When the ECB buys these bonds, it inflates the bond prices and pushes their yields down, which is the purpose, and it thus lowers the cost of capital for these companies even further. Yet according to the EU’s Competition Commission, none of this constitutes unfair competition.
The European Parliament is not so sure. A cross-party group of members recently wrote to Draghi, asking for company-by-company disclosure of the securities being bought and the size of each holding, so that it can dispel any concerns that the purchases may be benefiting a small group of favored companies. As the FT reports, the letter warns that since its implementation the QE program has “spurred a certain level of concern, since it can be perceived as a disguised subsidy to certain companies.”
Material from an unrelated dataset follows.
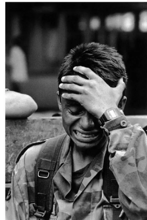
Soldado llora desconsolado porque la guerrilla asesinó a su hermanita de 13 años.

Its not just the opacity, arbitrariness, or the potential for conflicts of interest that are worrisome about the ECB’s QE program; so, too, is the level of dependence it has spawned among national governments and corporations for virtually free money. As much as Draghi may want to further taper the ECB’s monthly purchases of bonds after reducing them from €80 to €60 billion earlier this year, many of the program’s beneficiaries are quite simply no longer ready to go it alone. Draghi’s home country of Italy, in particular, cannot afford the higher interest rates that would result from reduced bond purchases. Higher rates would bankrupt the country. In that respect, Italians see Draghi as their guardian angel at the ECB.
Likewise, many of the companies that have benefited from the ECB’s lavish support over the last 16 months may find life somewhat tougher once the punch bowl is taken away and the price of borrowing from the market returns to some semblance of reality. Until that happens, those companies will continue to wet their beak in the fountain of virtually free money, while the ECB’s balance sheet grows bigger and uglier by the month. By Don Quijones.